▶ _TASK DETAILS_
Omit all pictures, then retype exactly the lines from the one that contains "56. Impresionantă pereche" through the end of the listing.

▶ _SUPPLIED INFORMATION_
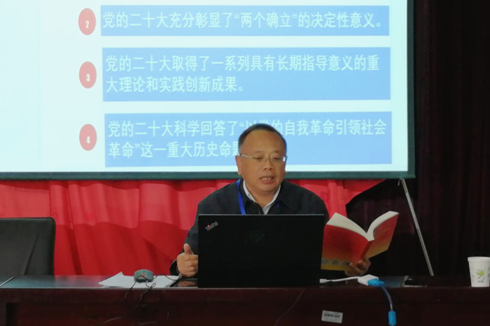 韩光辉从党的二十大的重大意义、党的二十大的主题、党的二十大的主要内容和学习贯彻落实党的二十大精神,致力于学院高质量发展四个方面,全面系统地宣讲了党的二十大精神。
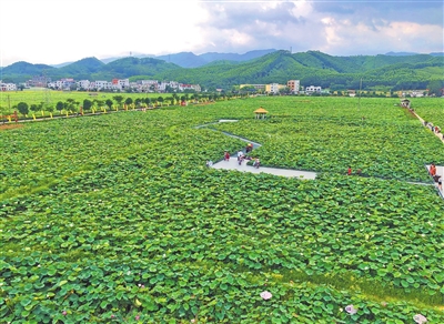 我们一行驱车从贵港市区出发,沿高速路往西北行二十余公里,来到号称“荷美覃塘”的莲藕产业核心示范区。刚驶入景区,远远地就看见窗外一大片广阔的田野,被一层墨绿色的植被所浸染。当天恰逢周末,大客车刚进入景区便被熙熙攘攘的游客迟滞在路上。
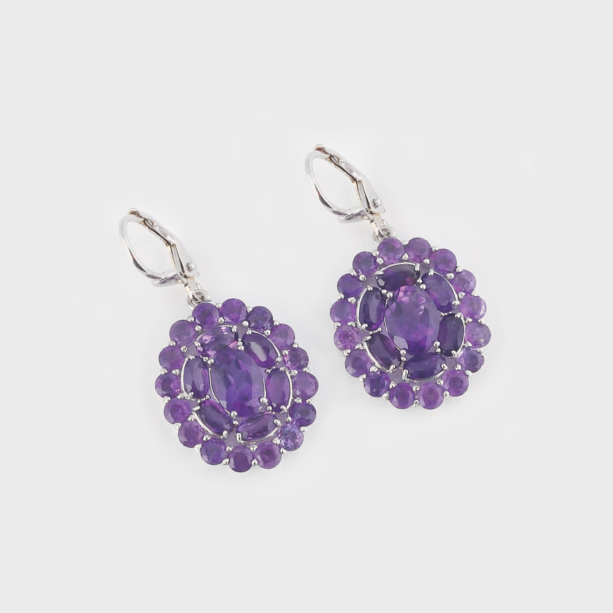 56. Impresionantă pereche de cercei din aur alb, ornată cu ametiste
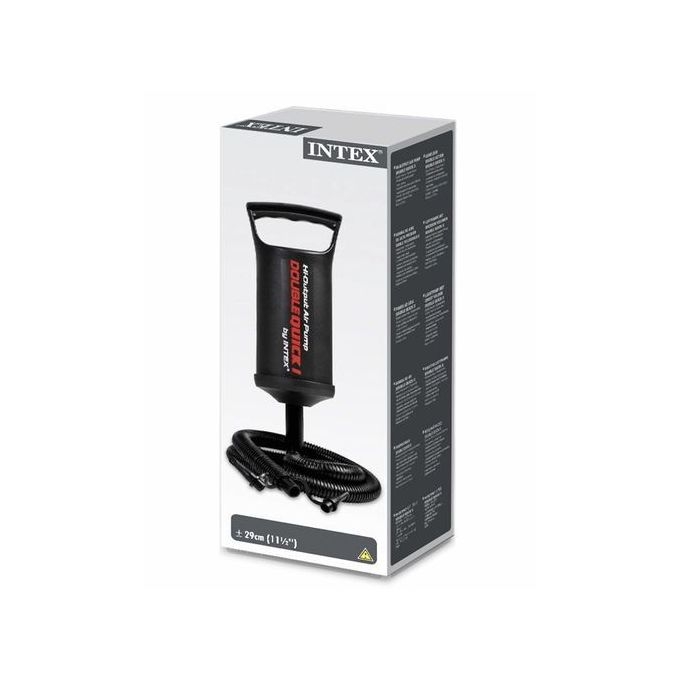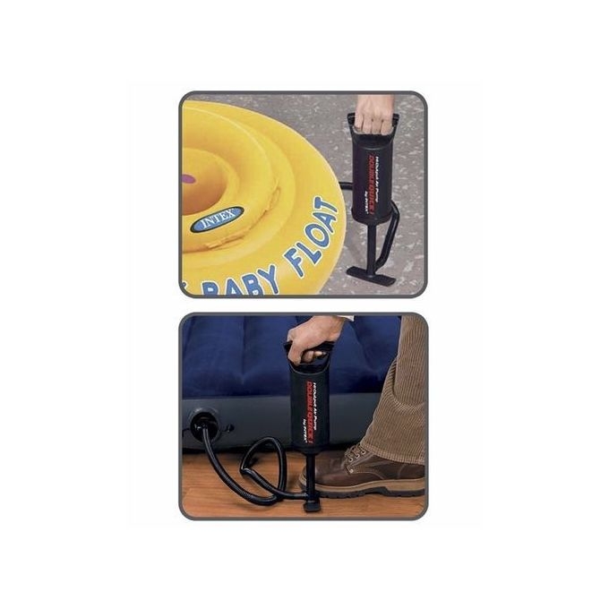 Facilité vous la vie et économisez votre souffle en vous achetons cette merveilleuse pompe à bouée de très bonne qualité de la marqué intex , elle est idéal pour gonfler ( vos bouée , les brassards de vos enfants , les gilets de sauvetage et même les ballons aquatiques ) notre pompe est d’une taille assez petite ce qui vous facilitera la tache , en effet vous elle est donc pas encombrante ce qui vous donnera l’opportunité de la transporter la ou vous voulez ( piscine , plage …) C’est un Gonfleur double action de 2 litres qui Gonfle dans les deux sens : pression et dépression.Ce gonfleur double action à main permet un gonflage rapide et efficace.Gonfleur idéal pour vos loisirs aquatiques (jeu d’eau…) ou tout autre type d’objets à gonfler.Informations techniques:Gonfleur composé d’un tuyau flexible avec 3 embouts adaptables à tout type de valve.
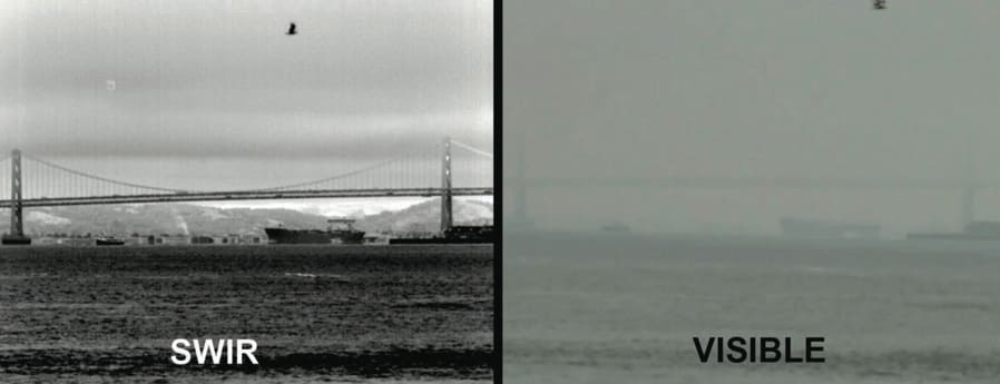 The ability to see clearly over long distances seems to be diminishing, globally, whether due to the rising pollution levels of growing urban development or more natural causes. Haze, once only an urban challenge, now even compromises the view in remote locations like Death Valley, California. In probably one of the best examples of imaging in the SWIR wavelength, Figure 2 shows how scene detail, lost to the visible eye for ranges a little greater than 5 km, is rendered in crisp detail for ranges well beyond 20 km. Up to a point, as Figure 3 illustrates, there are also clear benefits of SWIR imagery over visible imagery when it comes to dust. The smaller, lighter wind-borne dust particles that hang in the air the longest are transparent to the SWIR, yet continue to obscure normal visibility. In perhaps the most dramatic example of the SWIR advantage, Figure 4 shows how the typical San Francisco Bay morning maritime fog and mist is no impediment. Finally, almost as striking is the ability of the SWIR to see through the smoke of a forest fire as shown in Figure 5. Similar examples can be found with photochemical smog and other atmospheric obscurants prevalent in many urban environments.

▶ _SOLUTION BELOW_
 56. Impresionantă pereche de cercei din aur alb, ornată cu ametiste
 Facilité vous la vie et économisez votre souffle en vous achetons cette merveilleuse pompe à bouée de très bonne qualité de la marqué intex , elle est idéal pour gonfler ( vos bouée , les brassards de vos enfants , les gilets de sauvetage et même les ballons aquatiques ) notre pompe est d’une taille assez petite ce qui vous facilitera la tache , en effet vous elle est donc pas encombrante ce qui vous donnera l’opportunité de la transporter la ou vous voulez ( piscine , plage …) C’est un Gonfleur double action de 2 litres qui Gonfle dans les deux sens : pression et dépression.Ce gonfleur double action à main permet un gonflage rapide et efficace.Gonfleur idéal pour vos loisirs aquatiques (jeu d’eau…) ou tout autre type d’objets à gonfler.Informations techniques:Gonfleur composé d’un tuyau flexible avec 3 embouts adaptables à tout type de valve.
 The ability to see clearly over long distances seems to be diminishing, globally, whether due to the rising pollution levels of growing urban development or more natural causes. Haze, once only an urban challenge, now even compromises the view in remote locations like Death Valley, California. In probably one of the best examples of imaging in the SWIR wavelength, Figure 2 shows how scene detail, lost to the visible eye for ranges a little greater than 5 km, is rendered in crisp detail for ranges well beyond 20 km. Up to a point, as Figure 3 illustrates, there are also clear benefits of SWIR imagery over visible imagery when it comes to dust. The smaller, lighter wind-borne dust particles that hang in the air the longest are transparent to the SWIR, yet continue to obscure normal visibility. In perhaps the most dramatic example of the SWIR advantage, Figure 4 shows how the typical San Francisco Bay morning maritime fog and mist is no impediment. Finally, almost as striking is the ability of the SWIR to see through the smoke of a forest fire as shown in Figure 5. Similar examples can be found with photochemical smog and other atmospheric obscurants prevalent in many urban environments.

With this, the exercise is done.